テレビにおけるHDRで最もセンシティブな対応を見せているのはLGエレクトロニクスで、ドルビービジョンを採用する場合はHLG(Hybrid Log-Gamma)やHDR10といった他のHDR規格も当たり前のように採用しています。さらにLGはこれに加えて「フィリップス・テクニカル方式」という“第4のHDR”採用を発表しました。2016年のIFAの時点でHDRに対しては3規格全て採用したことをアピールしていましたが、今回はそれに加えて新方式もいち早く押さえてきました。
――HDR規格は三つ巴かと思ったら、さらに規格が加わるんですね。何だかややこしいな……
麻倉氏:少々話はずれましたが、ドルビービジョンのハード採用例が増えてきたことは間違いないでしょう。それと同時にソフトの採用も増えてきたことはもっと見逃せないポイントです。ソフトの採用例としてはこれまではワーナーが主体となり、VUDU(ヴードゥー)という米国のOTT(Over The Top、オンライン動画配信サービス)を通じて50タイトルほどを展開してきました。今年になってライオンズゲートとユニバーサルを加えた3社がドルビービジョン対応のUHD BDリリースをアナウンスしています。日本国内においても、ひかりTVやNETFLIXなど採用例が増えています。これにUHD BDまで加わると、ソフトの側が段々とドルビービジョンへとシフトしてくるでしょう。

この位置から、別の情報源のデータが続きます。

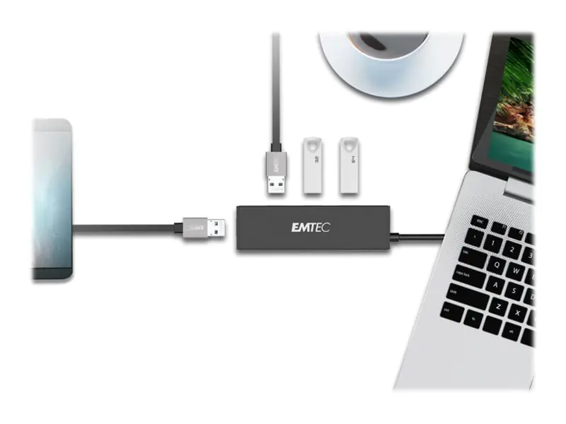 EMTEC Ultra Slim USB3.1 4-Port Hub T620A - Hub - 4 x USB 3.1 Gen 1 - Desktop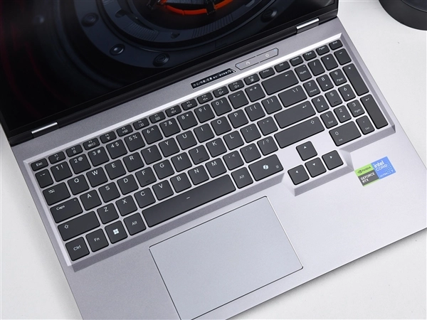 机械革命耀世16 Ultra的键盘手感颇为出色,方向键采用了全高设计。机身右上角配备了独立的电源键与性能模式快速切换键,同时还设有独立数字键区。这款笔记本的触控板和腕托面积都相当大,其中触控板并未为了让腕托保持对称而置于腕托中间,而是从操控体验的角度出发,设计在了空格键的正下方。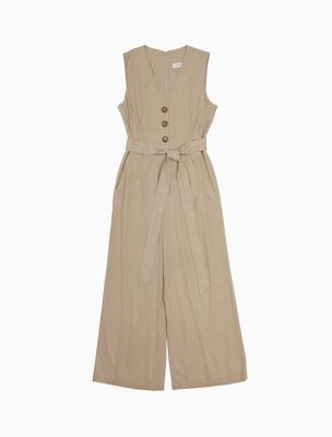 LINEN BLEND BUTTON-FRONT V-NECK BELTED JUMPSUIT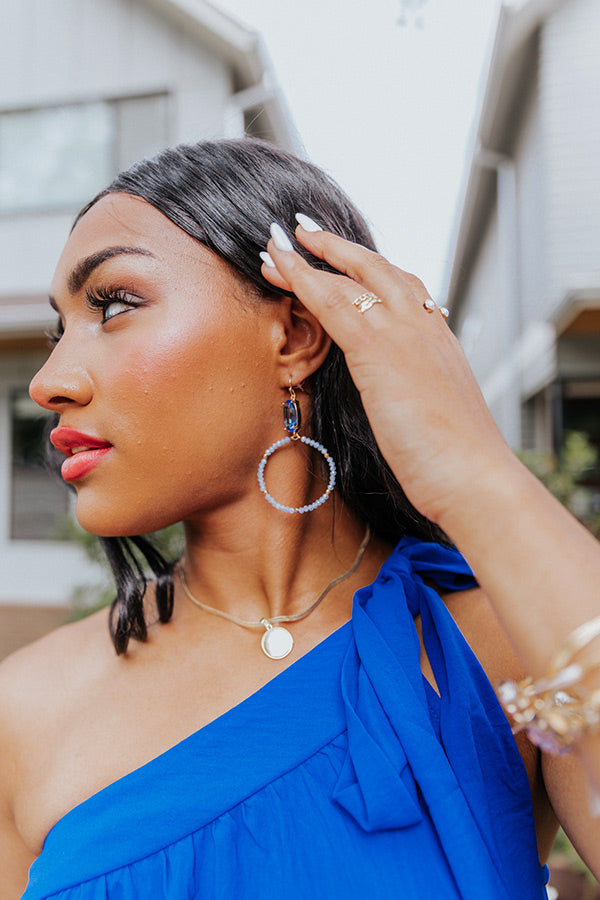 You are guaranteed to be obsessed with our adorable 'Fine Attraction' earrings featuring a dangling blue gemstone with a blue beaded hoop!

ではドルビービジョンの何が良いのでしょうか。スペック的には色情報が10bitと12bitと差がありますが、実際問題として、ここにはそれほど大きな違いは見られません。他のHDR規格と比較して一番大きいのはやはり“ダイナミックメタデータ”です。HDR10はコンテンツを通して単一の輝度情報で通しますが、ドルビービジョンは異なるシーンごとにメタデータを埋め込み、それを基にその都度輝度変換を行います。制作現場のモニターと視聴者のモニターは当然輝度が違う訳で、その再現範囲内でできるだけ制作時のHDR映像に近づけるように輝度変換を当てはめる。その作業が精密にできるということで、クリエイターの考えたHDR効果が出やすいのがドルビービジョンなのです。
――ハードメーカーよりもソフトメーカーの方がクリエイターに近い、だからハード側よりもソフト側の方に採用例が増えているわけですね。立場の違いによって支持する規格が異なるということがよく分かります。
麻倉氏:ソニーはこのようなトレンドを読んでドルビービジョンに乗ったわけです。ソフトが増えれば、当然対応するハードが求められるため、パナソニック、東芝、シャープといったその他のメーカーがドルビービジョン採用へ追随するのも時間の問題でしょう。一方、新規参入のフィリップス・テクニカル方式は“基本的にライセンス料が不要”という利点があります。加えてSDRとHDRの差分を送ってHDR化するため、SDRとの互換性も確保できます。英国スポーツ系OTTで採用が始まっており、日本でも採用例が出るのはこれも時間の問題ですね。